Your copy should begin at the line containing "非常ベルが便座から手が届く範囲にある通信機器" and end at the last line of the records; transcribe those lines exactly and leave out every picture.

Collection entries
════

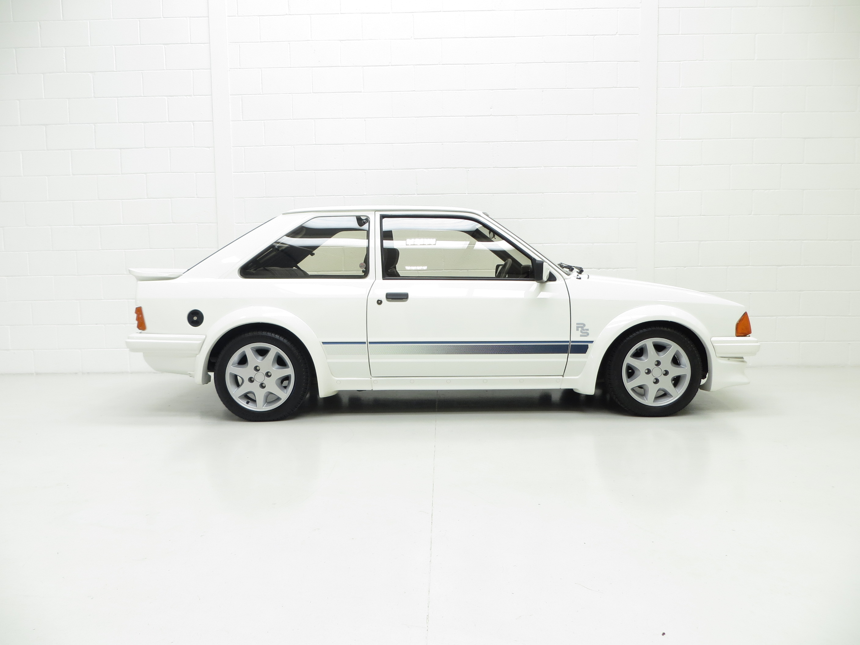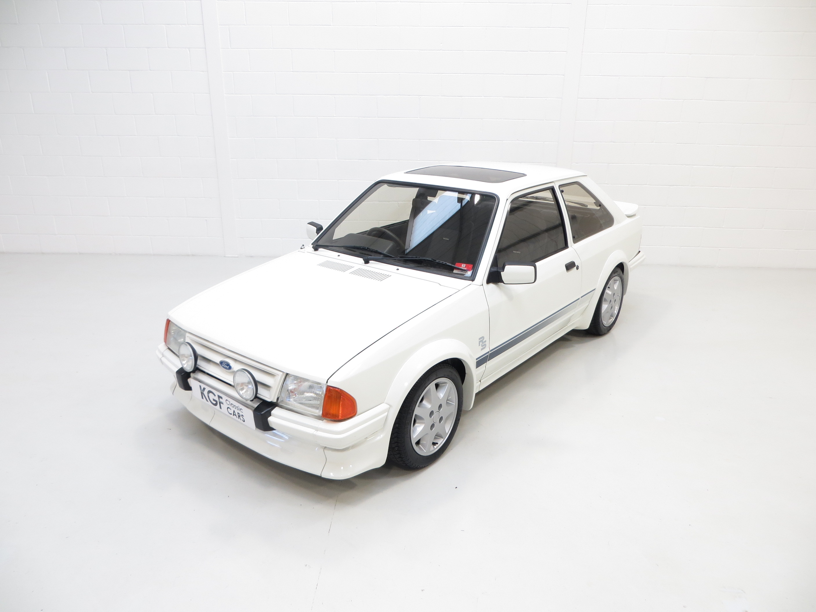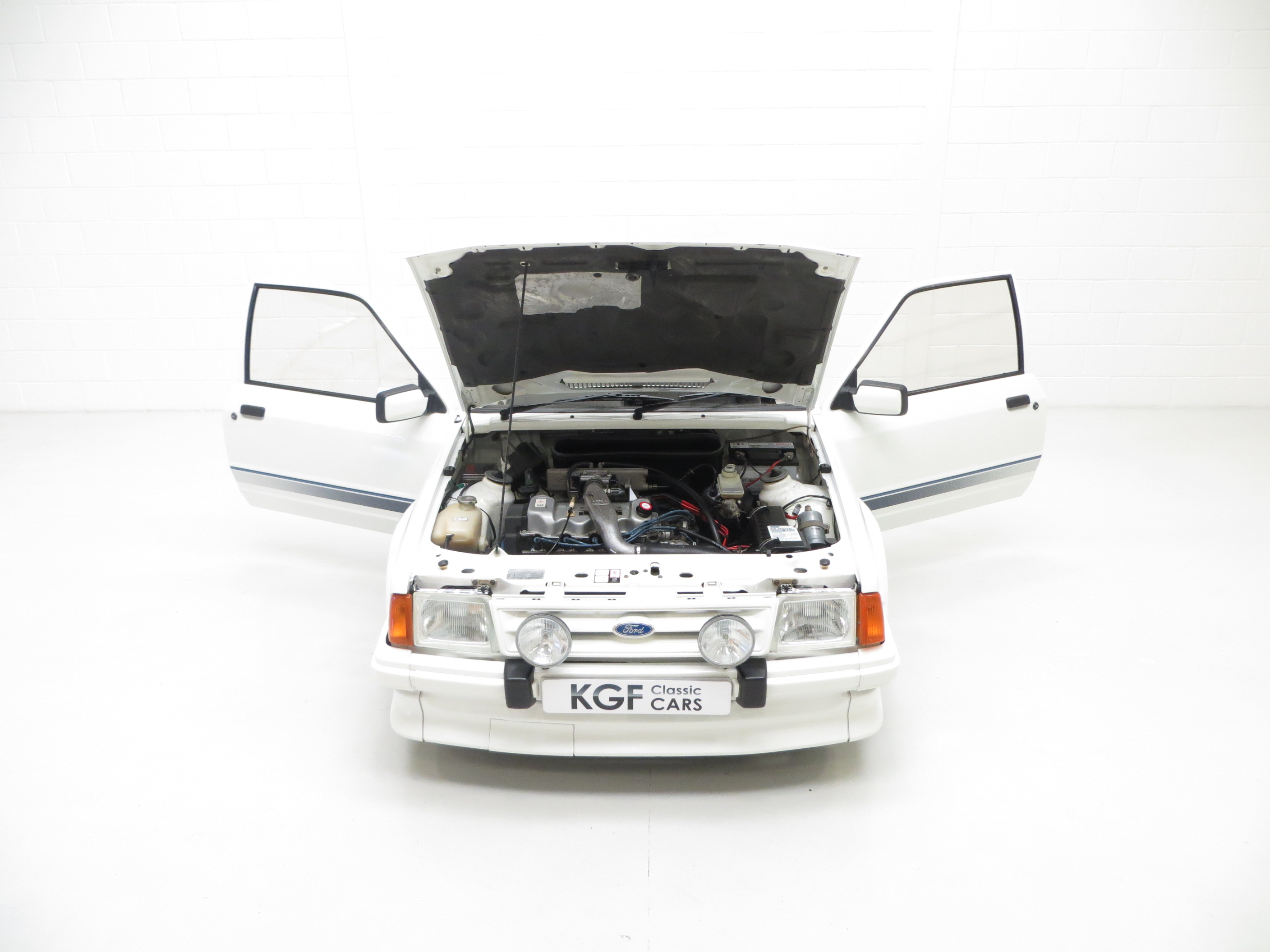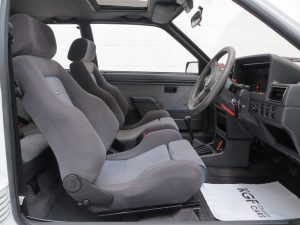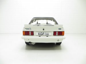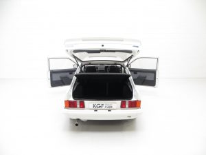 The unrestored Diamond White (code B3) paintwork is exceptional with a brilliant pure shine and uniform finish. Both front wings and windscreen scuttle panel are factory panels with date stampings clearly visible. The correct Carello headlamps, spot lights and the factory glass remain including the Ford inscribed front screen. The offside front wing was repainted after the previous keeper dropped a power tool on it and at the same time the front slam panel and grille were refreshed. The original decals are intact aside from a small section on the driver’s side where the film edge has come away and the rubbers are ever so slightly dry. This truly genuine example proudly displays it’s unmolested and unrestored credentials including visible factory underseal and the often missing foam pads to the underside of the four wheel arch extensions still attached along with the original PDI sticker on the rear wishbone! The underside having never been refurbished displays an honest age and mileage related film of debris. A few small dings are barely visible and gravel rash is evident on the rear wheel arch extensions. An extraordinary opportunity to own a slice of Ford RS history.
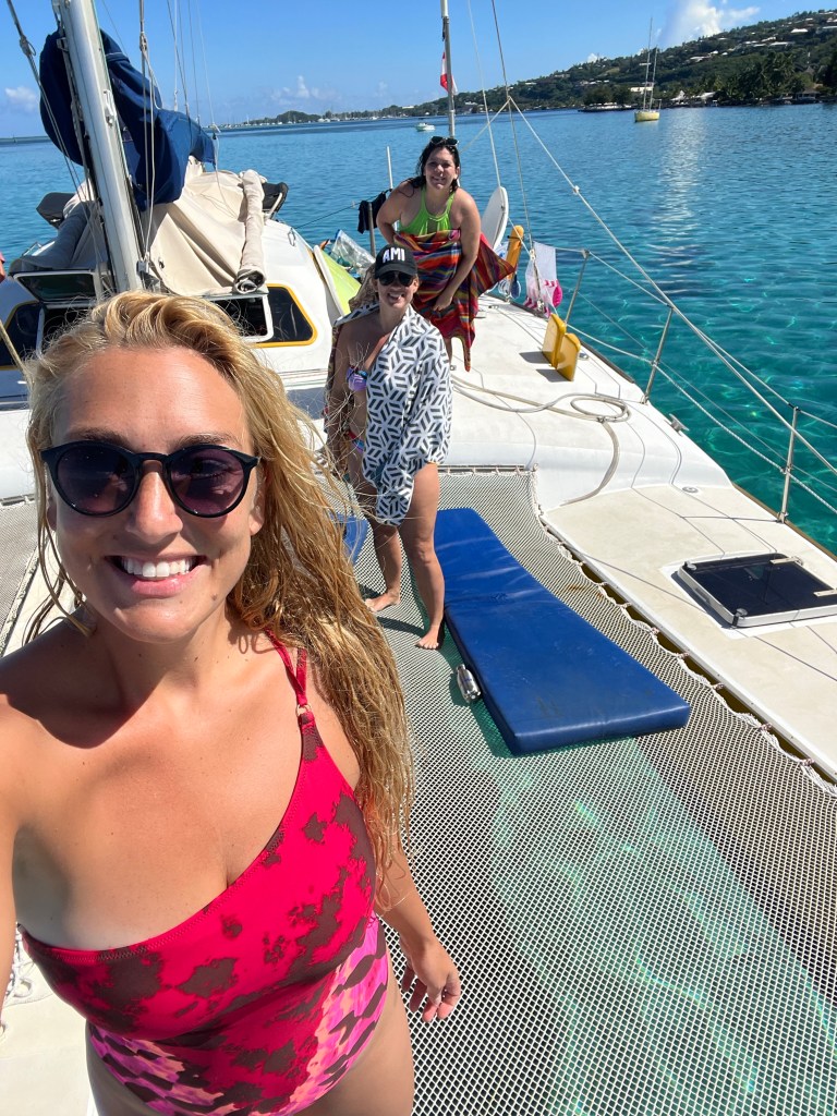 Part 2 was Tahiti, but I can’t really speak on its behalf as we stayed on a sailboat for our 1 night there. We booked our stay on Airbnb, and while the translation for the listing was quite bad, the reviews were good and we decided to gamble and book it. It was wonderful in that the host picked us up in his dinghy at 11am to check in so we had our groceries and a full day on a boat ahead. It was a surprise in that we realized the French host lives on the boat and would be staying with us. We rolled with the punches tho, and thanks to google translate ended up with one heck of an experience. He ended up sailing us to a secluded cove (which we paid $30 each) where we anchored and were able to have front row for a sunset while we snacked on our charcuterie board we threw together and drank our Tahitian rum. We cooked burgers for lunch and ahi tuna for dinner, and really just made ourselves at home with our new friend Stephane. We cooked enough for him to join us, because how awkward to just be eating while he is in his bedroom next door, and he told us (mostly through google translate) about his life and being an engineering professor on land on Tahiti (we think?), and we met his Canadian fiancé via FaceTime. He even played his saxophone for us at the end of the night. He wasn’t very good, but we got a good giggle out of it. The entire experience was an adventure. His next stop on his boat is Cuba (we think?).
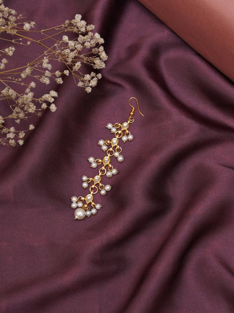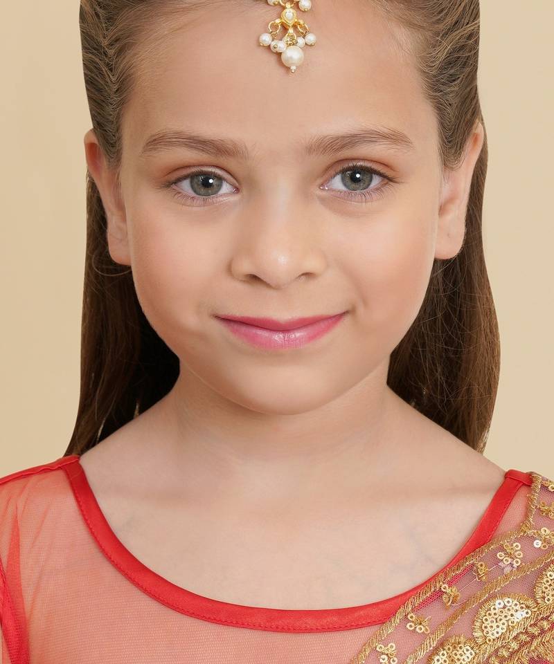 Product Description | Girls Gold Plated Kundan Studded & Beaded Maang Tikka |
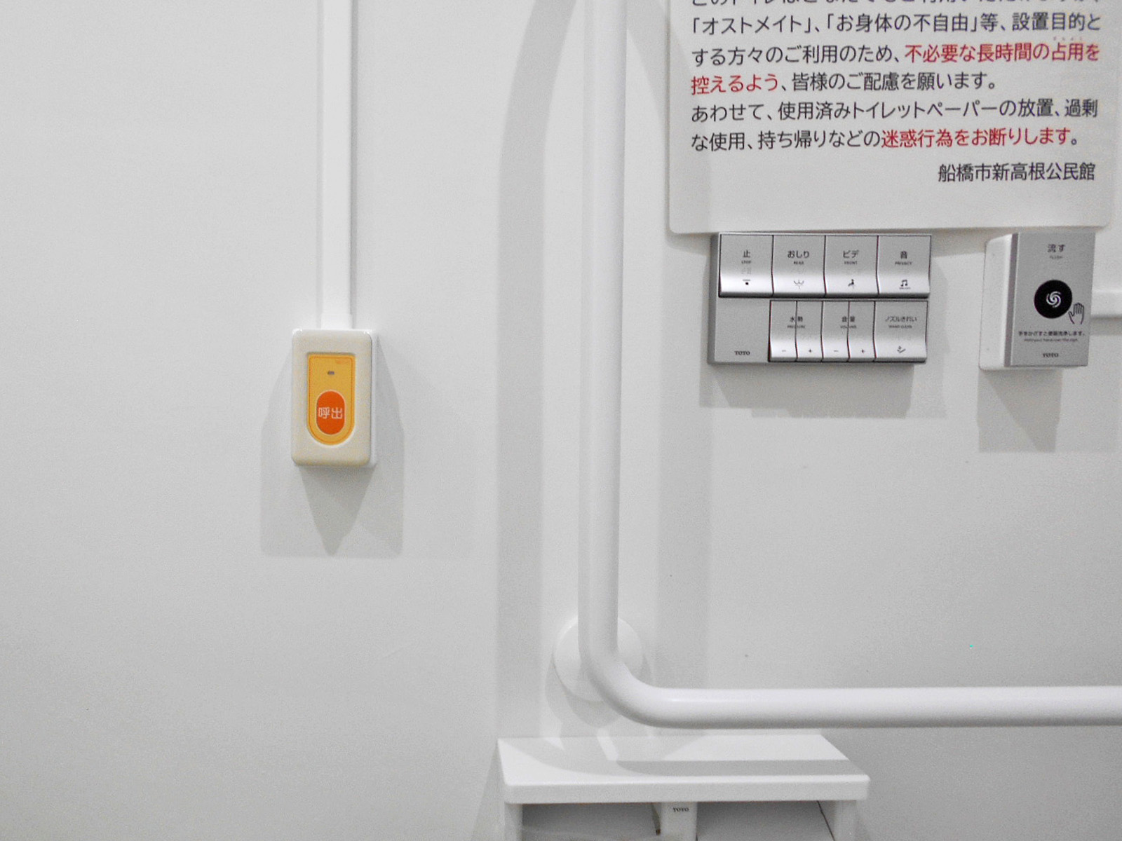 非常ベルが便座から手が届く範囲にある通信機器
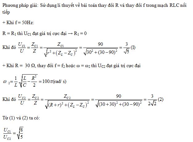 F, cuộn dây có r = 30Ω, độ tự cảm L = 0,3/π H và biến trở R mắc nối tiếp. Khi cố định giá trị f = 50Hz và thay đổi R = R1 thì UC1 đạt giá trị cực đại. Khi cố định giá trị R = 30 Ω thì và thay đổi f = f2 thì UC2 đạt giá trị cực đại. Tỉ số giữa UC1/ UC2 bằng
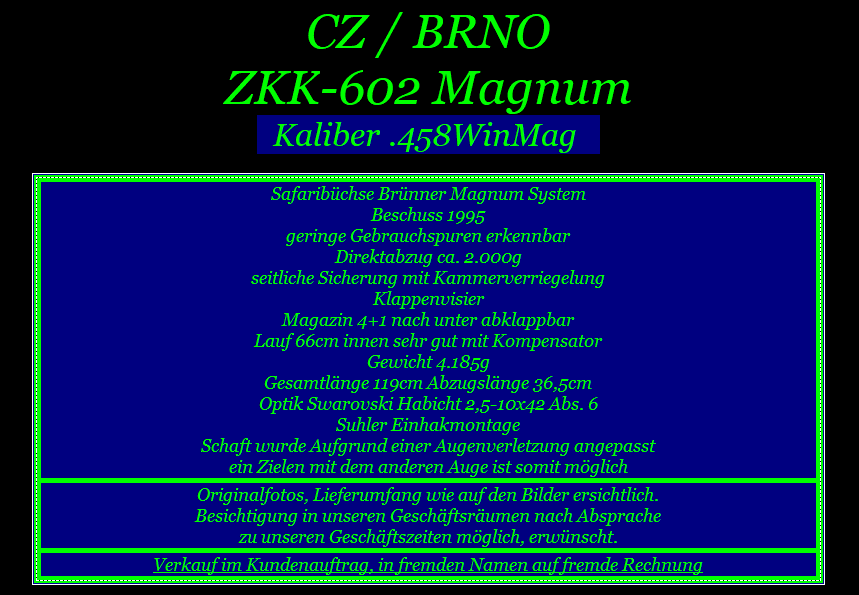 CZ BRNO ZKK-602 Safari Büchse Kaliber .458WinMag
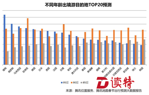 根据年龄划分,18岁以下青少年最喜欢前往东南亚国家,而60岁以上老年人最青睐的是欧美发达国家。进一步研究发现,85后最爱去的国家是韩国、新加坡、瑞士、阿联酋、越南,涵盖东亚、东南亚和欧洲,90后最爱去的国家是菲律宾、印度、新加坡、马来西亚、柬埔寨,全部在东南亚地区,95后最爱去的国家是缅甸、俄罗斯、马来西亚、菲律宾、德国,涵盖东南亚和欧洲。

════

WORKED SOLUTION:
 非常ベルが便座から手が届く範囲にある通信機器
 F, cuộn dây có r = 30Ω, độ tự cảm L = 0,3/π H và biến trở R mắc nối tiếp. Khi cố định giá trị f = 50Hz và thay đổi R = R1 thì UC1 đạt giá trị cực đại. Khi cố định giá trị R = 30 Ω thì và thay đổi f = f2 thì UC2 đạt giá trị cực đại. Tỉ số giữa UC1/ UC2 bằng
 CZ BRNO ZKK-602 Safari Büchse Kaliber .458WinMag
 根据年龄划分,18岁以下青少年最喜欢前往东南亚国家,而60岁以上老年人最青睐的是欧美发达国家。进一步研究发现,85后最爱去的国家是韩国、新加坡、瑞士、阿联酋、越南,涵盖东亚、东南亚和欧洲,90后最爱去的国家是菲律宾、印度、新加坡、马来西亚、柬埔寨,全部在东南亚地区,95后最爱去的国家是缅甸、俄罗斯、马来西亚、菲律宾、德国,涵盖东南亚和欧洲。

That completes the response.